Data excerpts
━━━━━━

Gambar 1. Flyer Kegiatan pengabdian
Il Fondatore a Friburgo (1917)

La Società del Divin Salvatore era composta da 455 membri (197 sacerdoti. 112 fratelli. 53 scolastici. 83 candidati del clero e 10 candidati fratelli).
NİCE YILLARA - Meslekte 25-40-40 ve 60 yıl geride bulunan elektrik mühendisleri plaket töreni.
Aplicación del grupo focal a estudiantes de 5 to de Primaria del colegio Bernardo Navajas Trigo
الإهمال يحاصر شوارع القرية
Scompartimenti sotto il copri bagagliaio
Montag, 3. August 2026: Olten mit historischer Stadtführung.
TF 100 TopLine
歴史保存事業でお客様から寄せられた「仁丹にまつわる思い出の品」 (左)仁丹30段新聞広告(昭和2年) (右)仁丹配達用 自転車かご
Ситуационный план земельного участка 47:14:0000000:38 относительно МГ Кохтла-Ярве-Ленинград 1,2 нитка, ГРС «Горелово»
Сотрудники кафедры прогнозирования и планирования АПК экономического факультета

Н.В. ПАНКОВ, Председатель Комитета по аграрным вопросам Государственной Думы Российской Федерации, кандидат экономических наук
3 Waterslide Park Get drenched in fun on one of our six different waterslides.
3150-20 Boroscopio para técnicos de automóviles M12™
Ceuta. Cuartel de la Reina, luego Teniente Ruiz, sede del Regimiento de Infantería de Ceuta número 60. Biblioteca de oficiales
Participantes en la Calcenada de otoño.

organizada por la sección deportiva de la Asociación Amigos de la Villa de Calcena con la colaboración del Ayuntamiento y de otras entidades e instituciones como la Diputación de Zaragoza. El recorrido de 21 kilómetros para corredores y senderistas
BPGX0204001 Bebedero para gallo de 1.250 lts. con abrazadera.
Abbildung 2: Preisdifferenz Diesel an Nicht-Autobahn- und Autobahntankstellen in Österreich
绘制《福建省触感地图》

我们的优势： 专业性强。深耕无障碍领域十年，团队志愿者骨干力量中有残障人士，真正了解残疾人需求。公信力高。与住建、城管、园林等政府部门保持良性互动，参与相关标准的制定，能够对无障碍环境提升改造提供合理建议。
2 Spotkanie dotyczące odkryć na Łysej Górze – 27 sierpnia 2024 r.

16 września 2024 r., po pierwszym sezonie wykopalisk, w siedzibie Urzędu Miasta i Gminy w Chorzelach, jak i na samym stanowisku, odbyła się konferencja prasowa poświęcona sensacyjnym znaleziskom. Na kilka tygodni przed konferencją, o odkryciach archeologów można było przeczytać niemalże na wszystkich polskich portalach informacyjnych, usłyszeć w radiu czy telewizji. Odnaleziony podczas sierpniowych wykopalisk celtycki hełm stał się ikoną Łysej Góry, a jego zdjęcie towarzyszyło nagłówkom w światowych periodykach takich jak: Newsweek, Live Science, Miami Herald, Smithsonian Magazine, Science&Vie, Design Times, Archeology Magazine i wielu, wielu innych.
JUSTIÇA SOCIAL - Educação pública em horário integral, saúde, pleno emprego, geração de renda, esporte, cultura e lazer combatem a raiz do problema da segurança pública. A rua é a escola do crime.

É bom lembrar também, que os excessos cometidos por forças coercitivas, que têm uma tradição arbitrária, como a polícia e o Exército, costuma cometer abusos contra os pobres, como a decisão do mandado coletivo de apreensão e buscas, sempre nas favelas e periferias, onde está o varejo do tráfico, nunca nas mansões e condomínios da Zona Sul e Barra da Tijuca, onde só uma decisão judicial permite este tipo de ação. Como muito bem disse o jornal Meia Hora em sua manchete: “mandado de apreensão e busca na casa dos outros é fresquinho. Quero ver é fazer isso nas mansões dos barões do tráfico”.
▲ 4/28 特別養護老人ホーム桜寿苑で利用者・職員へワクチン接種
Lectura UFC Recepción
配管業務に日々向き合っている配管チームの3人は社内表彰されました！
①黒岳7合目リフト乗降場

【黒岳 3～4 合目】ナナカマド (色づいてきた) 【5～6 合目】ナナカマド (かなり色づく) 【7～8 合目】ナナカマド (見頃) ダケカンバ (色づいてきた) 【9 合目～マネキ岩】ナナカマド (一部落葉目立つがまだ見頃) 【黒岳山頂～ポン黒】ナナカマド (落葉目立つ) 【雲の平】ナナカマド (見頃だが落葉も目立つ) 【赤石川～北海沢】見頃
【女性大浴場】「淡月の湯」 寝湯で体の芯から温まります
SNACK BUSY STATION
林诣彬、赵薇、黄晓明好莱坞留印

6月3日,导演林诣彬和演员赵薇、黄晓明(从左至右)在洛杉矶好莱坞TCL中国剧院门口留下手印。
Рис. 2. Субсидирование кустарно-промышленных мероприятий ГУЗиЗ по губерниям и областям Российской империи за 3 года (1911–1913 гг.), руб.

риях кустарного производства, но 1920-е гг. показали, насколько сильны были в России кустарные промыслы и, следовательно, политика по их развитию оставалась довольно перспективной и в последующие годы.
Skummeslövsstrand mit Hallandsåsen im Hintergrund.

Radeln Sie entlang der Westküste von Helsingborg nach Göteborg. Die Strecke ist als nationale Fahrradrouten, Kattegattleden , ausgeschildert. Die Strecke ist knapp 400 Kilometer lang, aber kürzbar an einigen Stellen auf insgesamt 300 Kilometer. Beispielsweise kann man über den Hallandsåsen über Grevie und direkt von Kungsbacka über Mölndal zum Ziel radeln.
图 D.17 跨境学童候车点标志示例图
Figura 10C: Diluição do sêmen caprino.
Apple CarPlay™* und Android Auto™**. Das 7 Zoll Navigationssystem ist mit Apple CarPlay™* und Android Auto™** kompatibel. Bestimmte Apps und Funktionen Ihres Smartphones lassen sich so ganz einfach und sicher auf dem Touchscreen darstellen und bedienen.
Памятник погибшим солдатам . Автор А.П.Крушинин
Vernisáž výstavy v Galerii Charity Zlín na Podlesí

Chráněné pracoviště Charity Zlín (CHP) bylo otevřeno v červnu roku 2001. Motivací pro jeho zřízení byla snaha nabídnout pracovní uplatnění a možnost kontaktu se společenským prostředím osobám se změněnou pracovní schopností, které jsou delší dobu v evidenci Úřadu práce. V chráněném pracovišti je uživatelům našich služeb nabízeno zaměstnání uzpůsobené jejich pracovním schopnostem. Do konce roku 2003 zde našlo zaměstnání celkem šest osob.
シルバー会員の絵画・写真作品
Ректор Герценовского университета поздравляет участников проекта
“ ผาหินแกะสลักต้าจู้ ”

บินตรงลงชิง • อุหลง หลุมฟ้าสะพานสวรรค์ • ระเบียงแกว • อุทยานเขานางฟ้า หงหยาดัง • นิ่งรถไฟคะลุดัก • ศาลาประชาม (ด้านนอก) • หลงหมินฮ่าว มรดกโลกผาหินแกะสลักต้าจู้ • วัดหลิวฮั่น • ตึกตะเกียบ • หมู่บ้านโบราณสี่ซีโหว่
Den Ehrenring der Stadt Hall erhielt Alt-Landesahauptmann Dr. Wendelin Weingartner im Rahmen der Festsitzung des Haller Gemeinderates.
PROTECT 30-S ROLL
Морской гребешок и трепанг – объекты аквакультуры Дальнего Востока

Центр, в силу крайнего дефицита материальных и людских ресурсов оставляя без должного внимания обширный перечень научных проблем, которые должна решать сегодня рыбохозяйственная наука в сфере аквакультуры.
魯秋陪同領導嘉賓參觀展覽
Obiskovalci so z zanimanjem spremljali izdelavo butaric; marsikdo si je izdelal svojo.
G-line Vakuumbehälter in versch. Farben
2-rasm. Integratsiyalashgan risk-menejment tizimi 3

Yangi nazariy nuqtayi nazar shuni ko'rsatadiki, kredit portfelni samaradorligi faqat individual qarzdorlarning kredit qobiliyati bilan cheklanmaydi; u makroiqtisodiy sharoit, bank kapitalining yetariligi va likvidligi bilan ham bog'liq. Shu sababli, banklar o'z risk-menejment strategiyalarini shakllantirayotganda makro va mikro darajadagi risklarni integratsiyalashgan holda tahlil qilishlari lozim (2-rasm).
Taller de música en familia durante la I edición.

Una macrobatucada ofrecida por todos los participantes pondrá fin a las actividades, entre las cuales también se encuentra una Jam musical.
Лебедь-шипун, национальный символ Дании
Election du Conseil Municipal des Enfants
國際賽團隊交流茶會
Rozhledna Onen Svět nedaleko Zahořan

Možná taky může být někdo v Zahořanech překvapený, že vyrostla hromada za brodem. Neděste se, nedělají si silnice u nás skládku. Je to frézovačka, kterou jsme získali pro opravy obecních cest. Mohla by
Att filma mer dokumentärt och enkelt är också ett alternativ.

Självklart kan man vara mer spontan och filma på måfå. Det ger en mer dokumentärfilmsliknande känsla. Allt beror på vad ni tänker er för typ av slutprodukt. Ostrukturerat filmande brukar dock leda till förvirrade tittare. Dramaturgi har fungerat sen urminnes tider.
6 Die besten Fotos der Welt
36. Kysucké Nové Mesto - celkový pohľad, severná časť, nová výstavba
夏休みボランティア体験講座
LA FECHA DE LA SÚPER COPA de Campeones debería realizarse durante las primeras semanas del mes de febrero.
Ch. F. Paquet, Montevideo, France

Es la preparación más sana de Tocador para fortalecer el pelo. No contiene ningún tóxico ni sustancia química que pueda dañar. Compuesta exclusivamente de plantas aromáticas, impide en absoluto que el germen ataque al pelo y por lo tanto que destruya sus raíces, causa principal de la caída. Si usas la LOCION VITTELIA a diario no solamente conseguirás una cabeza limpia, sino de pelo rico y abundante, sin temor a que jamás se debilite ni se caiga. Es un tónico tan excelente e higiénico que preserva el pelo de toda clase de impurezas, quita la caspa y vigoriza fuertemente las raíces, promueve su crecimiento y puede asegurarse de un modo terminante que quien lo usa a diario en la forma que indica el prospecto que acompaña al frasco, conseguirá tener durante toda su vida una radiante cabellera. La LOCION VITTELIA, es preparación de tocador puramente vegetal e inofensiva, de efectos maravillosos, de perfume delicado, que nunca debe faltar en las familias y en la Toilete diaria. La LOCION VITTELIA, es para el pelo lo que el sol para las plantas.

━━━━━━

> [Directions]:
Count the lines in the records above that contain the word "como", and report only that number.

> [Response]:
2